Призраки любят появляться рядом с каким-нибудь водоемом, колодцем – в общем, с водой, поскольку японцы считают воду стихией, связанной с потусторонним миром. А еще появлению призрака часто сопутствуют летающие огоньки, символизирующие ту энергию, которая осталась в этом мире после неотомщенной смерти человека. При этом в японских кайданах привидения довольно редко ведут себя агрессивно. Обычно они терроризируют свою жертву простым фактом своего присутствия. Да и жертва, как правило, не жертва вовсе, а совершивший злодеяние человек, для которого призраки загубленных душ – постоянное напоминание о содеянном. Так что кайдан – это не только ужасы, но и социальная драма, в которой зло должно быть непременно наказано. Такое положение отчасти даже лишает кайдан мистики, так как происходящее можно объяснить безумием замученного муками совести персонажа, но в то же самое время дает возможность поднять параллельно много важных жизненных проблем.

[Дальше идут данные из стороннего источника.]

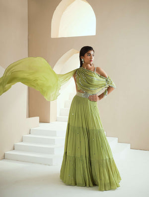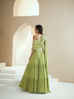 Kaftan With An Embellished Neckline And Sleeves And Embroidery Patch On The Waist.
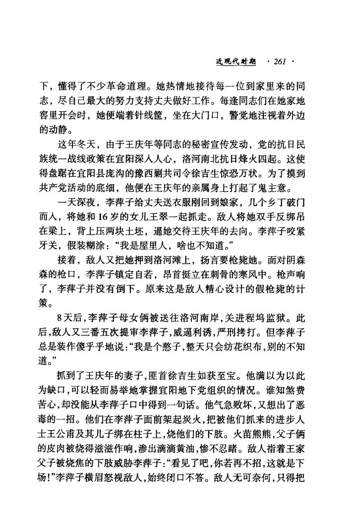 1944年豫西沦陷,王庆年从延安回到家乡参加抗日活动,负责宜阳县抗日民主政府日常工作。盘踞在宜阳的国民党反动派,打探到消息,于1945年2月的一个深夜,将李萍和16岁的女儿王翠抓走,他们把李萍双手反绑,吊在屋梁上,背上压上重重的土坯。李萍忍着剧烈疼痛,始终只有一句话:“俺是屋里人,啥也不知道。”敌人连续审讯了她7个昼夜,死去活来的李萍始终不开口。
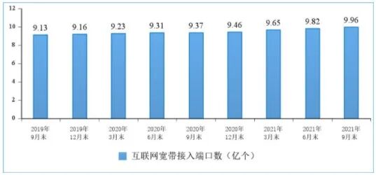 宽带网络建设稳步推进。截至9月份末,全国互联网宽带接入端口数量达9.96亿个,同比增长6.3%,比上年末净增4963万个。其中,光纤接入(FTTH/O)端口达到9.34亿个,比上年末净增5421万个,占比由上年末的93%提升到93.8%。
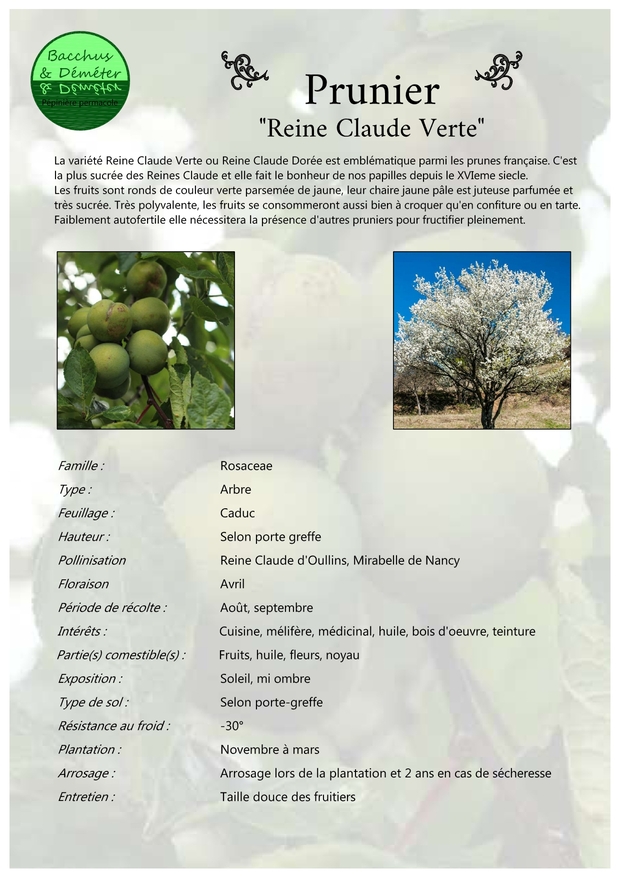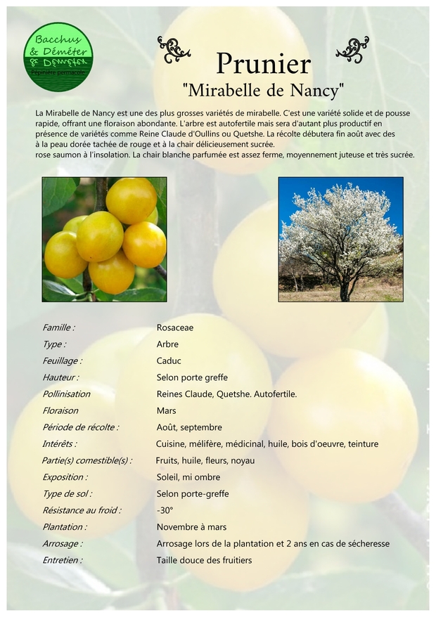 Porte-greffes : Prunier Myrobolan et Prunier Saint Julien.
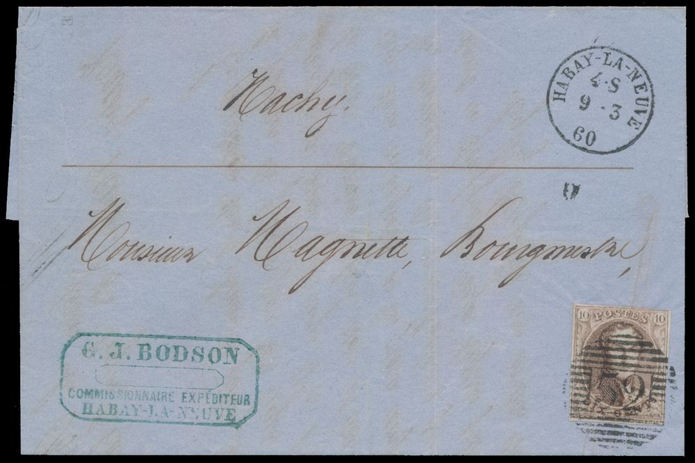 1457 image1860 N° 10A "10c. brown", fully margined, on letter from P.52-Habay-la-Neuve, dated 9 March 1860, to Hachy (same postal district, so no arrival postmark on back), special feature of this cancellation is the Habay cancellation without "E", beautiful cancellation, vf(Image 1) (Image 2)
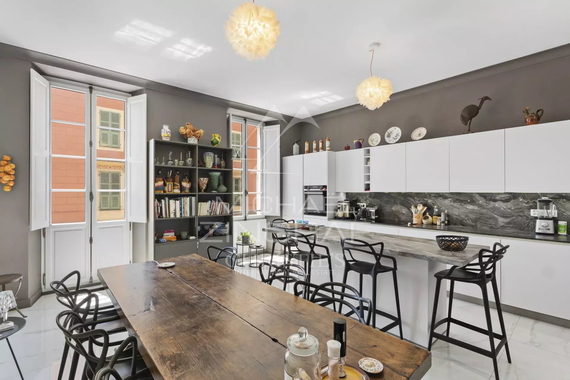 Michaël Zingraf Real Estate Nice presents to you a stone's throw from the famous Garibaldi square and Place du Pin, in a magnificent Nice building with elevator a splendid 4/5 room apartment with balcony and view of the port.

Эта своеобразная многоплановость японского хоррора как раз и привлекала Накагава, так как позволяла ему снова вернуться к вечным темам человеческой морали и социального зла и одновременно с этим насытить экран столь любимыми им сюрреалистическими образами. Именно эти образы в финале картины, по определению исследователя Патрика Мейшеса, позволяют режиссеру «разорвать узы времени и пространства»42. Но это заслуга не только самого Накагава, но и приглашенного им для работы в картине замечательного художника Куросава Харуясу, которому лента «История призрака Ёцу» во многом обязана своей незабываемой образностью.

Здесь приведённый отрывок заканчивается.